January 10, 2017

DevOps Digest 307: Running Unit Tests with Helix and Jenkins


After Issue 306, our basic build scripting tools work. With our NAnt-powered framework in place, let’s extend our continuous delivery pipeline with targets that execute unit tests. It’s nice to have a continuous integration system running a debug build in response to every commit, but all success tells you is that the code compiles. A more interesting measure of quality is whether all the unit tests pass when executed.

Toward that end, we will:

  1. Choose a unit test framework.
  2. Write a simple unit test.
  3. Extend our build scripting with targets to execute unit tests.
  4. Import the test results into Jenkins for reporting and historical trends.

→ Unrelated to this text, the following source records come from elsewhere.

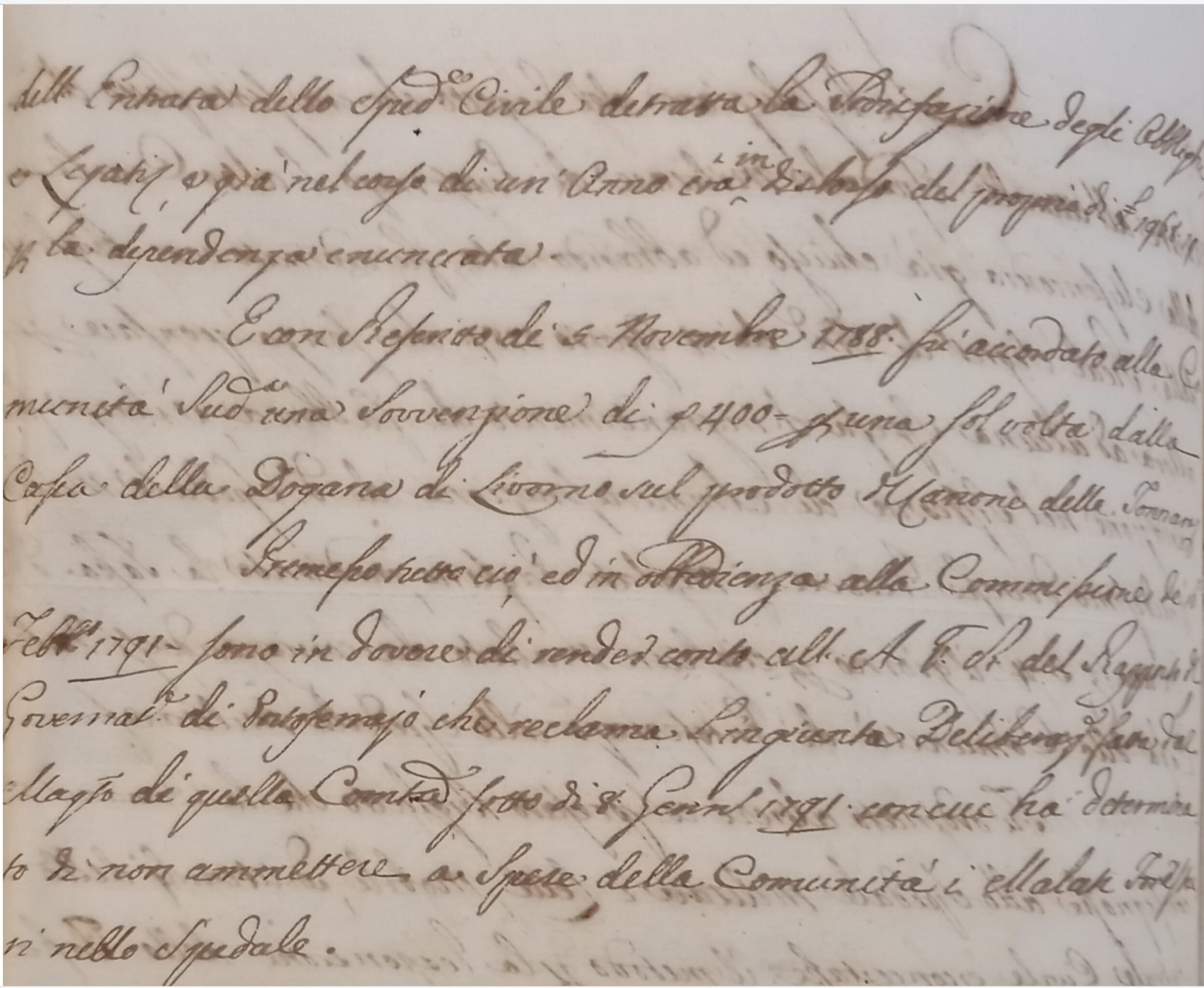 Premesso tutto ciò ed in obbedienza alla Commissione de febbraio 1791 sono in dovere di render conto all’A.V.R. del rappresentante Governante di Portoferraio che reclama l’ingiunta deliberazione fatta dal Magistrato di quella Comunità fatto de 8 gennaio 1791 con cui ha determinato di non ammettere a spese della Comunità di malati forestieri nello Spedale.
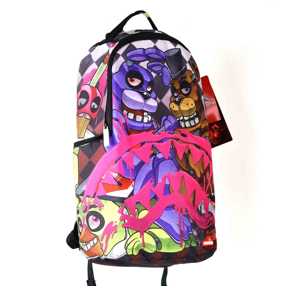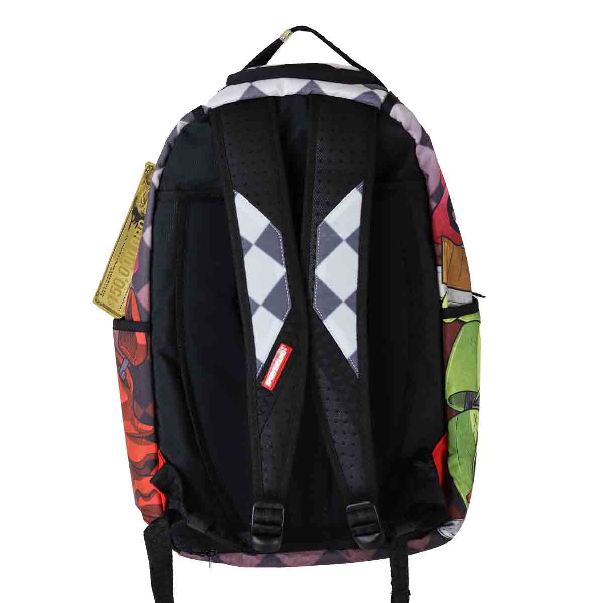Zaino Bulldog multicolor di SPRAYGROUND in ecopelle con stampa multicolore e shark rosa. apertura con zip superiore. Misure 32x45x18cm.
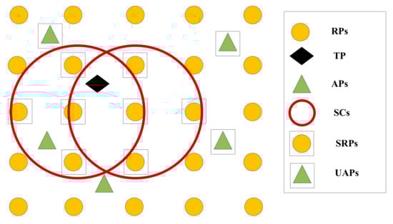 The actual location of the TP is expressed as , and the fingerprint map consists of RPs’ locations and corresponding RSS. Assume that there are M APs and N RPs. The location of RPs can be stored as . represents the location of . The RSS collected at is expressed as follows:
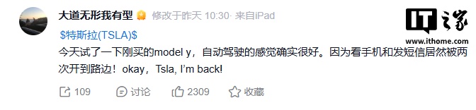 段永平表示,在试驾过程中自动驾驶的体验“确实很好”,但因自己在途中看手机和发短信,居然两次被车辆系统强制接管并开到路边停车。他还写道:“Okay, Tsla, I'm back!”,暗示其对特斯拉的重新认可。
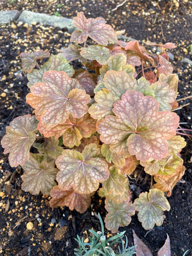 ヒューケラドルチェ バタークリーム。冬は葉っぱがやや赤みを帯びて、これもまた良き♪
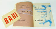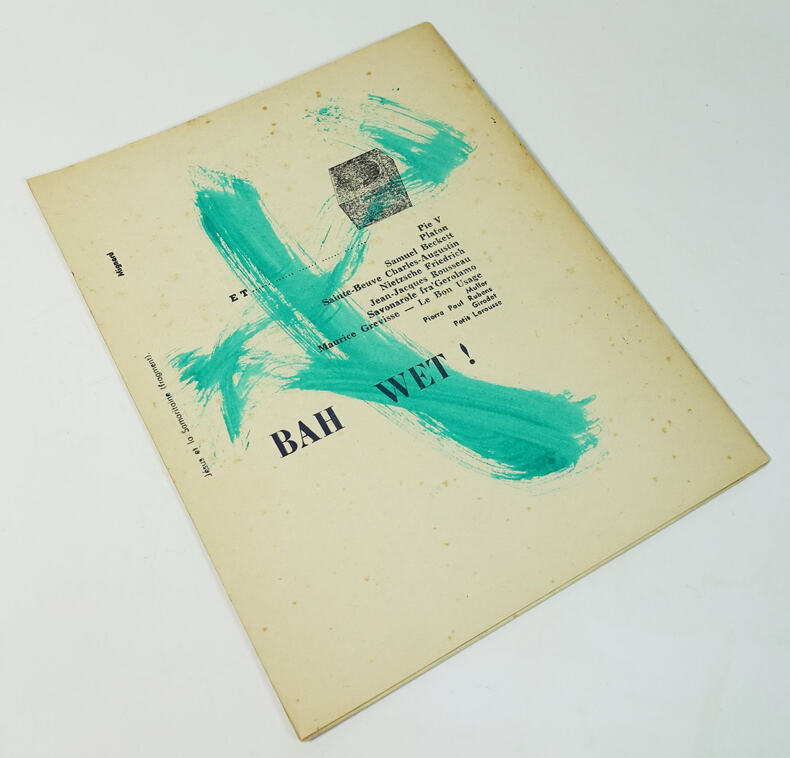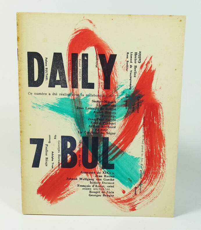 Numéro 7, septembre 1958. Revue belge poste-surréaliste se déclarant "Moniteur de la pensée Bûl et de l'Académie de Montbliart", dirigée par Pol Bury et André Balthazar. Citations de Sacher-Masoch, André Breton, Jean-Paul Sartre, Arthur Rimbaud, Goethe, Isidore Ducasse, Georges Bernanos, Lamartine... détournées et commentées par Balthazar, Bury, Pirotte et comparses par des interventions originales en couleurs et 2 collages rendant chaque exemplaire unique. [16 pp.] >BEL EXEMPLAIRE Très bon exemplaire 0
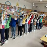 Klasa 3b z okazji Dnia Szelek przygotowała plakat i szelki z bibuły.
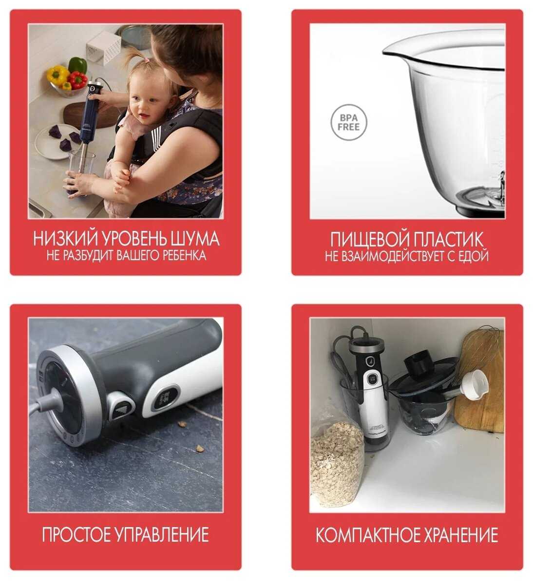 Блендером полностью довольна. Венчик отлично быстро взбивает, пюрешку махом делает, измельчает как надо. Ножи острые, мыть удобно после готовки. Запаха пластмассы не было
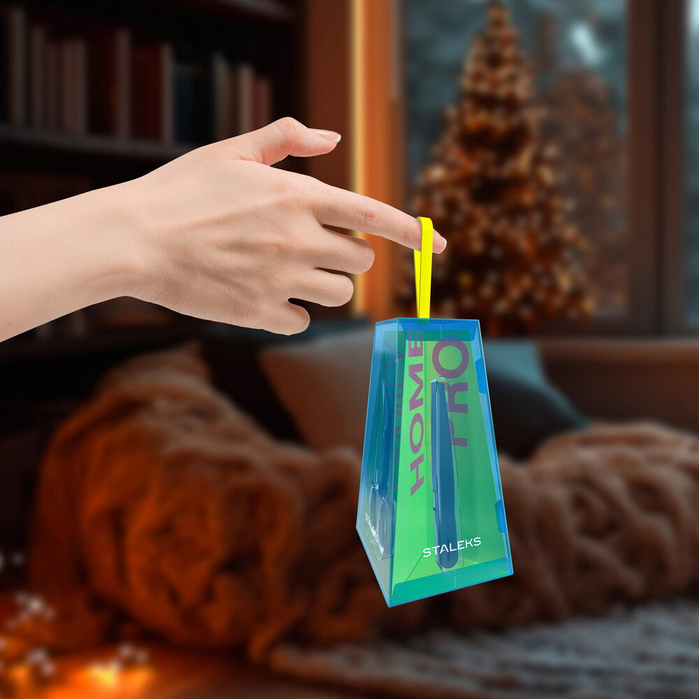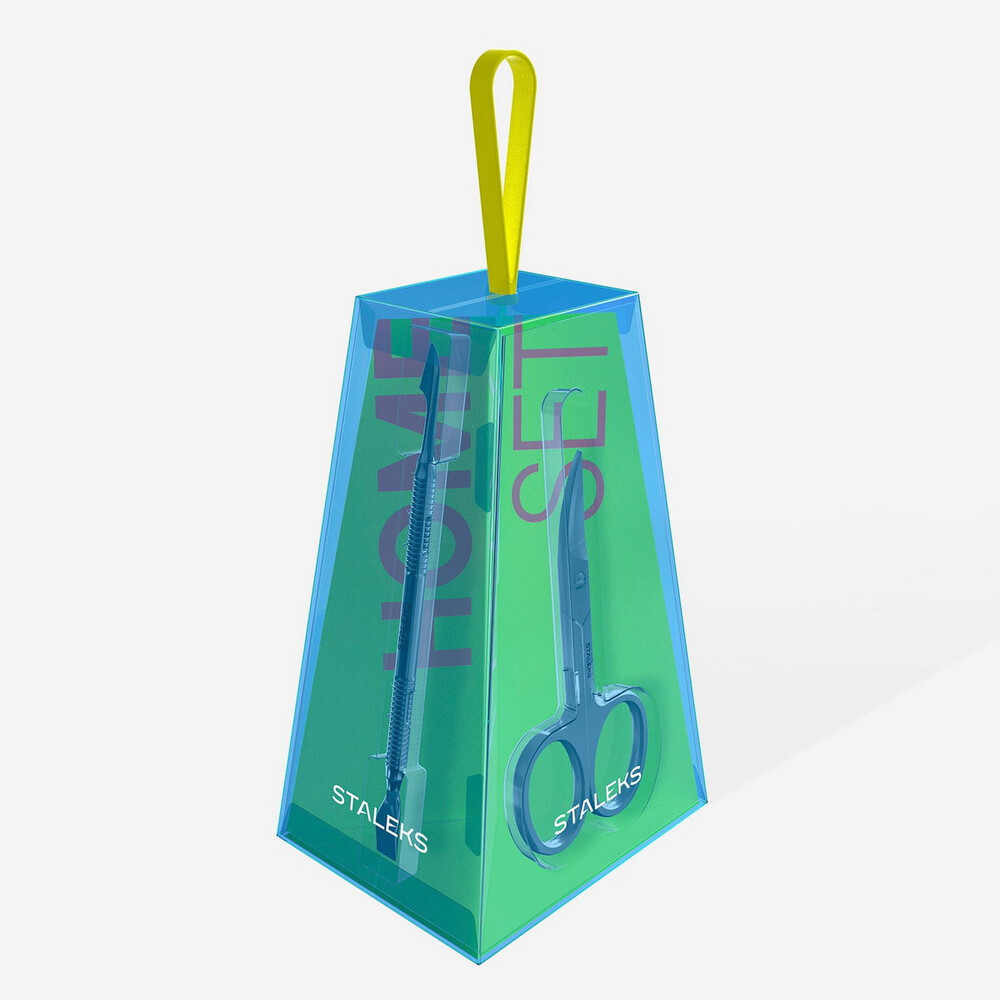 - Набір упакований у яскраву пластикову коробку у вигляді усіченої піраміди з логотипом Staleks. Така упаковка не тільки захищає інструменти від пошкоджень, а й привертає увагу своїм незвичайним дизайном, що робить набір ідеальним та корисним подарунком для себе та близьких.
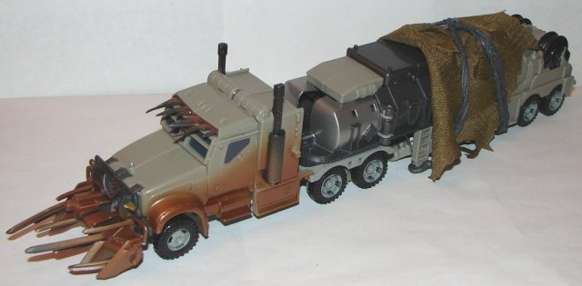 Vehicle Mode: After the Transformers 2010 toy series Hasbro said that they were no longer going to make Leader Class Decepticons as they didn’t sell well enough. Prior to that there had only been four different Leader Class Decepticon molds based on the movies, Brawl (2007) (repainted as Deep Dessert Brawl), Megatron (2007), Megatron (ROTF) (repainted as Shadow Commander Megatron), and Starscream, (2010). Since then there has only been one more, The Last Knight Megatron. With the exception of Brawl, who was a pretty good toy, all the rest were anywhere from awful to at best okay. Then came the Studio Series, and Hasbro seemed to figure out that Decepticon Class leader toys will sell if they don’t suck. Blackout was awesome. It’s only taken them twelve years, but we finally have a movie Leader Class Megatron that is truly amazing. Not perfect, but damn close. The spikes on the front and roof of the cab are soft plastic, which is unfortunate, but not unexpected. Other than that, my only complaint about his vehicle mode is that the instructions don’t really show any particular way his tarp is supposed to go onto his vehicle mode. If you look at the instructions, the shapes along the edges of the tarp do not match the actual tarp from the toy. It’s not a major thing, but I would have liked to see a specific way it was meant to go on.
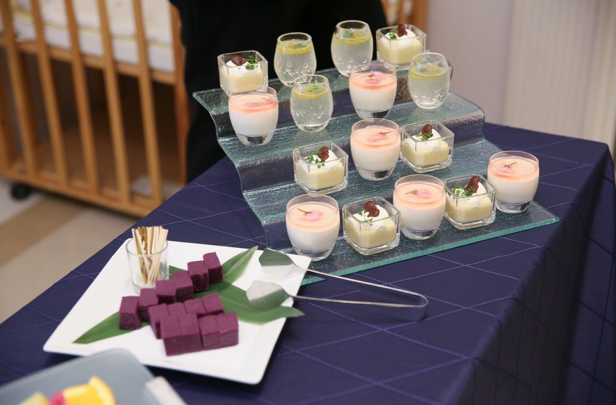 披露宴の後半にご用意したのは、和装のおふたりの装いに合わせた"和ビュッフェ"♪シェフとパティシエにオーダーしたお茶漬けビュッフェや桜の塩漬けをトッピングした和スイーツなどがズラリ!女性だけでなく、男性ゲストやご高齢のご親族様も楽しめる内容に、結びまでゲストをわくわくさせる演出になりました!
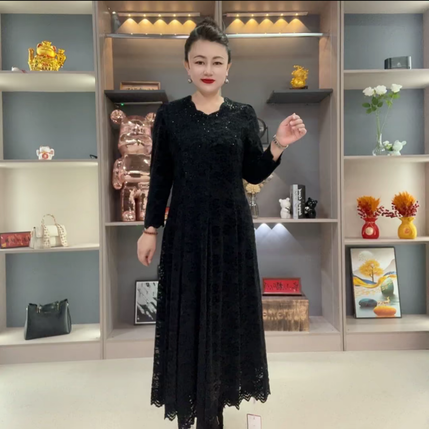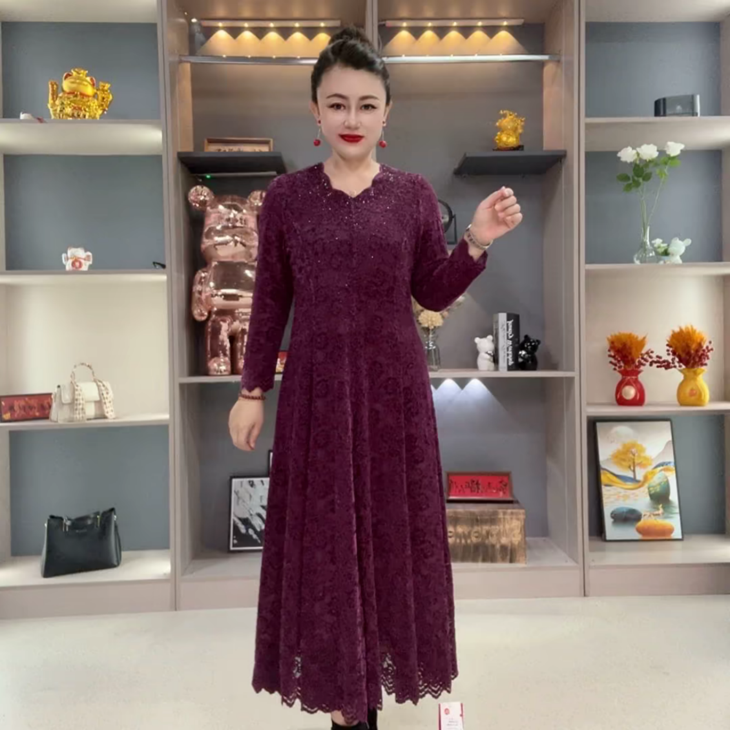高端冬季妈妈雪尼尔长袖时尚洋气大码加绒保暖高弹长款大摆连衣裙
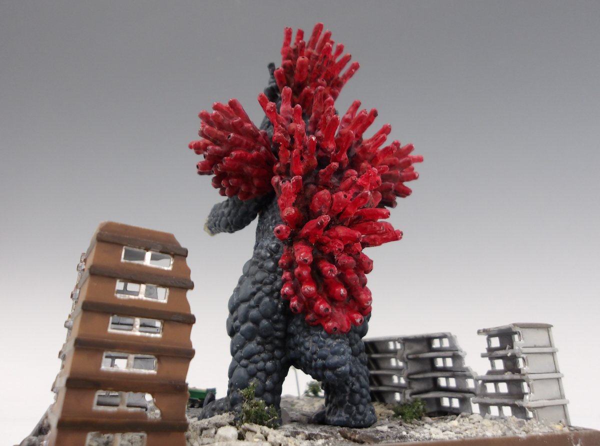 作品にはベロクロンの特徴的な赤いサンゴを思わせるミサイル部分と黒い体表の部分とでツヤの出し方を工夫するなど細かく気を配った塗装がなされており、足下に目を向けると割れたアスファルトや街路樹の作り込みも素晴らしく、限られたサイズの中にダイナミックな世界観を凝縮した作品となっております。
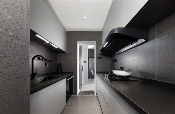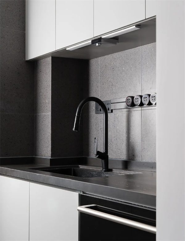 廚房是一個完美的結合了功能性和美學的空間。清潔的線條和簡約的設計元素在這里主導,灰色的定制櫥柜提供了充足的儲存空間,同時保持了整個空間的干凈度。智能燈光和智能廚房電器的使用,提高了生活的便利性,為業主打造一個理想的烹飪空間。
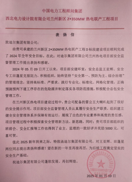 蘭州新區(qū)熱電項(xiàng)目部安全工作獲嘉獎(jiǎng)
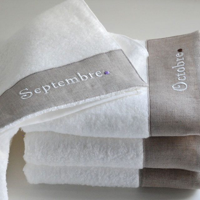 初め、数回洗って頂き余分な毛羽を落としてからお使いください。コーマ糸を使用していますので、風合いの良さが持続します。リネンの生地にフランス語で12ヶ月を刺繍しました。
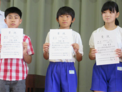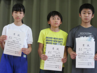 今日、市内陸上大会の表彰を行いました。各種目ごとに表彰を行い、賞状を伝達しました。表彰の数の多さにとても驚いた日でした。みんな、よく頑張りました。
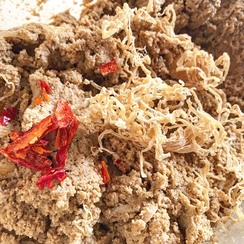 その間に細く作った自家製の切り干し大根と鷹の爪を投入。
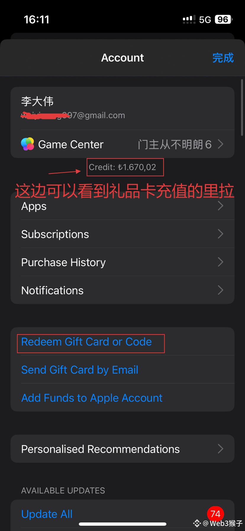 3.登入上土耳其账户点击Redeem Gift Card or Code(也就是兑换礼品卡或代码),将你在咸鱼购买的礼品卡代码填写进去,就能看到你的账户充值了多少里拉
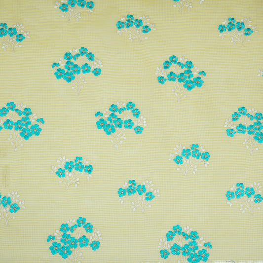 Yatika Lemon Semi Munga Kota Embroidered Fabric in Buta Pattern
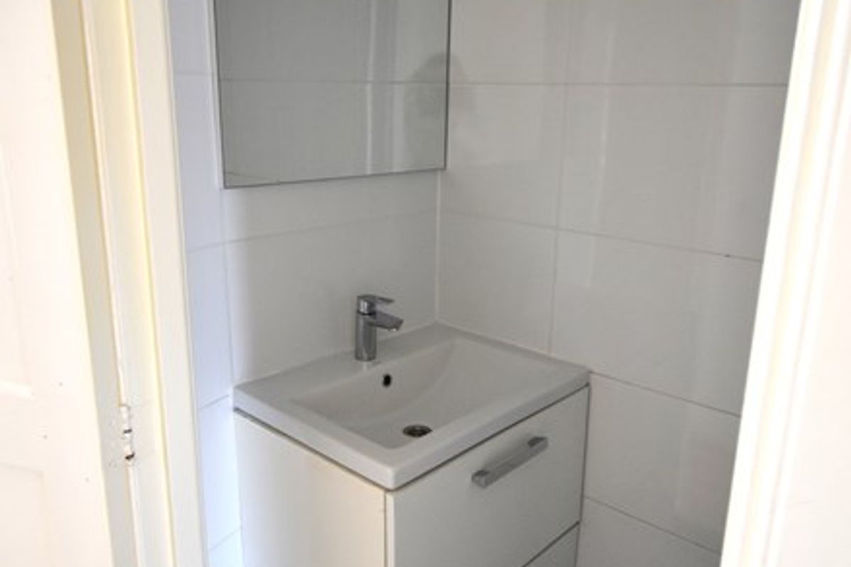 Hallway with a separate toilet with a small sink. From the hallway, all rooms are accessible.
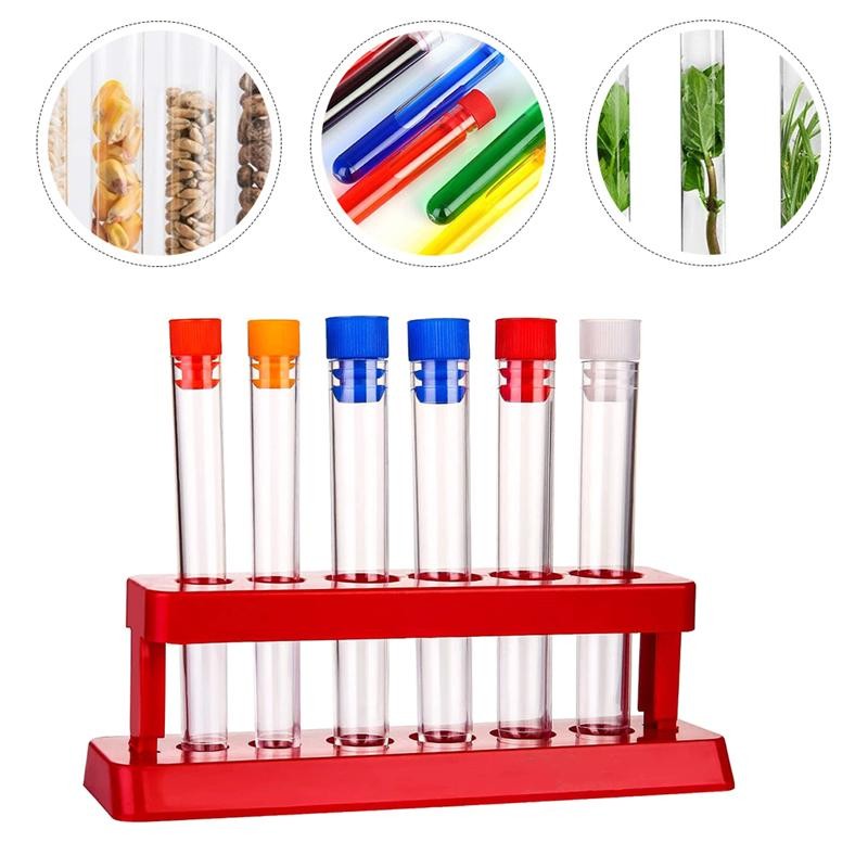 -Le support de tube à essai est portable et peu encombrant. Tubes à essai en plastique de 6 pièces pour une variété d'utilisations.
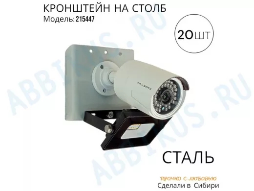 - Кронштейн для 1 камеры и прожектора, крепится при помощи СИП ленты монтажной на квадратный или круглый столб. Подходит для любых камер.

Choosing a Unit Test Framework

Developers have an embarrassment of riches when it comes to unit-test frameworks and tools. Unfortunately, despite its shortcomings, many Microsoft .NET developers never look beyond Visual Studio’s basic command-line utility, MSTest. Unit tests need to run as quickly as possible so that developers execute them frequently. Unfortunately, MSTest runs slower than other tools because it creates folders for every test run.

Developers also need to have a rich assert API to easily trap myriad conditions. This includes a means to check the validity of numbers, enforce type concerns, and so forth. Being able to order tests is a nice, albeit nonessential luxury. Being able to execute in parallel can be a huge win for performance. And simple setup/teardown procedures can be essential for individual and entire groups of tests.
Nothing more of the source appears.